Chapter 19: Severing the Strings
The chamber trembled as dark energy radiated from Professor Alden, the ink-like tendrils around him pulsating unnaturally. The once-learned scholar was now a puppet, bound by an unseen force that twisted his form like a marionette on fraying strings.
Callus, standing at the forefront, remained unmoved by the suffocating aura. His stance was firm, his expression unreadable, but the way his hand hovered near his sword showed he was prepared for whatever came next.
Ryo's grip on his brush tightened.

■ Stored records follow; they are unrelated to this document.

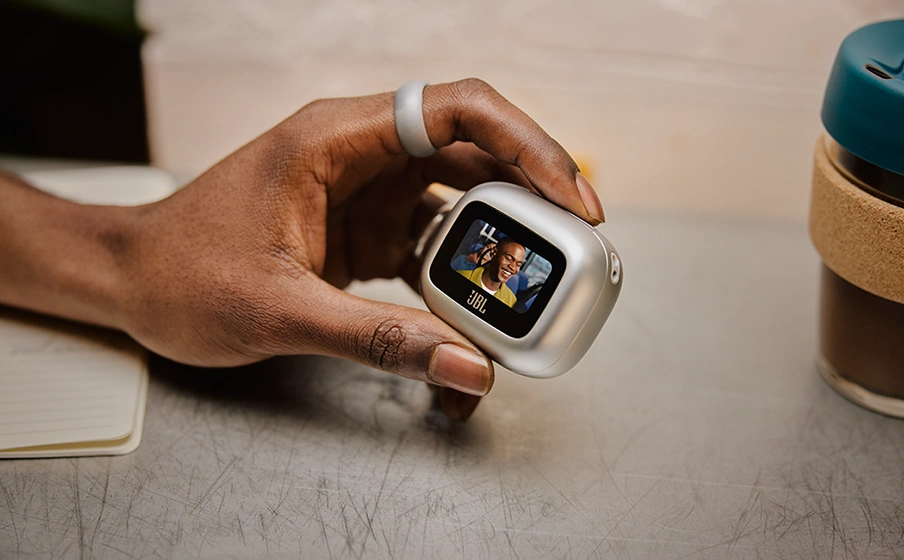 Puedes personalizar todos los aspectos de tus auriculares JBL Live Beam 3 con la pantalla táctil de 1,45 pulgadas de tu Smart Charging Case™. La pantalla te ofrece un control total del sonido en cualquier dispositivo —portátil, televisor, smartphone o tableta portátil—, sin necesidad de acceder a la aplicación JBL en tu smartphone.
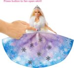 Appuyez sur le bouton: la magie opère !La longue robe évasée de la princesse Barbie révèle les flocons de neige argentés et de jolis tons lavande, bleu et rose. Repliez la jupe et recommencez…. | Ces détails magiques lui confèrent un statut royal !Une mèche rose vient rehausser sa longue chevelure blonde, tandis qu’un faux col en fourrure scintillante complète son fantastique look de princesse. | Les accessoires prolongent l’aventure !Le diadème amovible et la brosse à cheveux permettent aux enfants d’apprêter Barbie pour sa prochaine réception royale. |
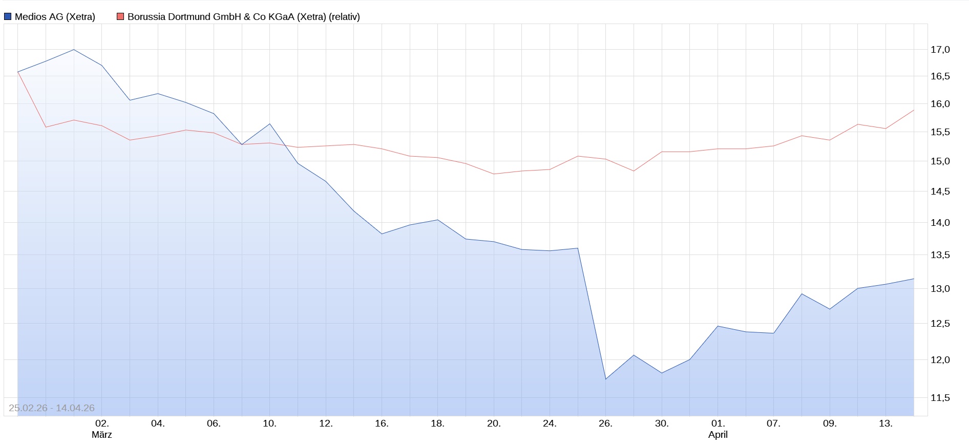 Hier sieht man die extrem unterschiedliche Kursperformance beider Aktien nach der Gewinnwarnung von BVB am 26.2. Die extrem enttäuschte Reaktion der Märkte auf die Zahlen von Medios am 26.3. ist da auch enthalten.
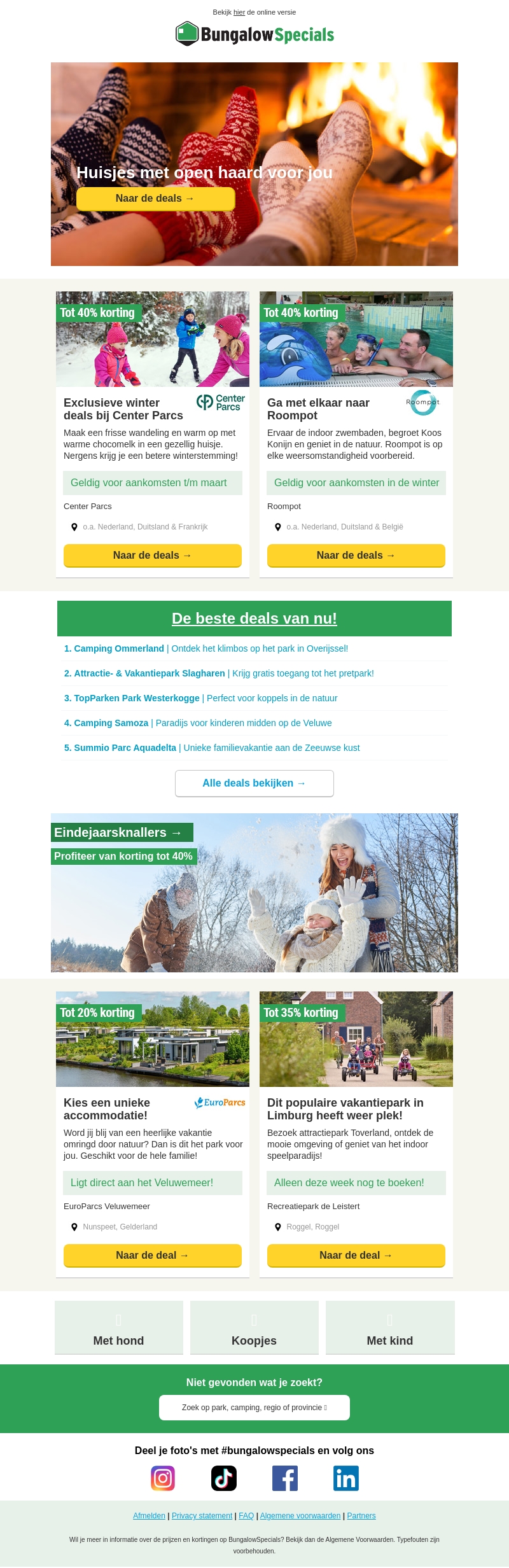 Profiteer van exclusieve winterdeals bij Center Parcs en Roompot met tot 40% korting. Geniet van gezellige huisjes met haard aan onder meer Zwembadfun en prachtige natuur. Ontvang ook eindejaarsknallers bij EuroParcs en Recreatiepark de Leistert.

He had studied ink, shaped it, given it form—but this was something different. This wasn't creation. It was corruption.
Elara's daggers were already in her hands, her stance light yet tense. "What's the plan, genius?"
Ryo exhaled, forcing himself to focus. "I need time to analyze the ink's connection to him. If I can sever it at the source, we might be able to free him."
"Then do it," Callus said without hesitation. "I'll keep him occupied."
Before Ryo could respond, Callus moved.
Faster than sight, he closed the distance between himself and Alden, his sword cutting through the air with lethal precision. The corrupted professor reacted unnaturally, his body jerking away as if yanked by invisible strings. Callus's blade narrowly missed, carving into the stone floor instead, sending a shockwave through the chamber.
Alden's head twisted unnaturally toward Callus, his mouth opening, but the voice that came out was not his own.
"Interference is futile."
Black tendrils shot forward, writhing toward Callus like living chains. He didn't flinch. With a single, precise slash, he severed them mid-air. The cut ink hissed, evaporating instantly, but more tendrils sprouted in their place.
Ryo barely had time to process the exchange before Elara pulled him back. "Work faster, or Callus is going to have to start taking this seriously."
Ryo didn't doubt it. Even while holding back, Callus's swordsmanship was overwhelming. But Ryo knew that wasn't a permanent solution. Alden wasn't an opponent to be cut down—he was someone who needed to be saved.
Ryo kneeled, pressing his hand against the cold stone floor. He let his ink flow freely from his brush, sketching a complex sigil in rapid strokes. He wasn't just drawing—he was creating a counterbalance to the corruption.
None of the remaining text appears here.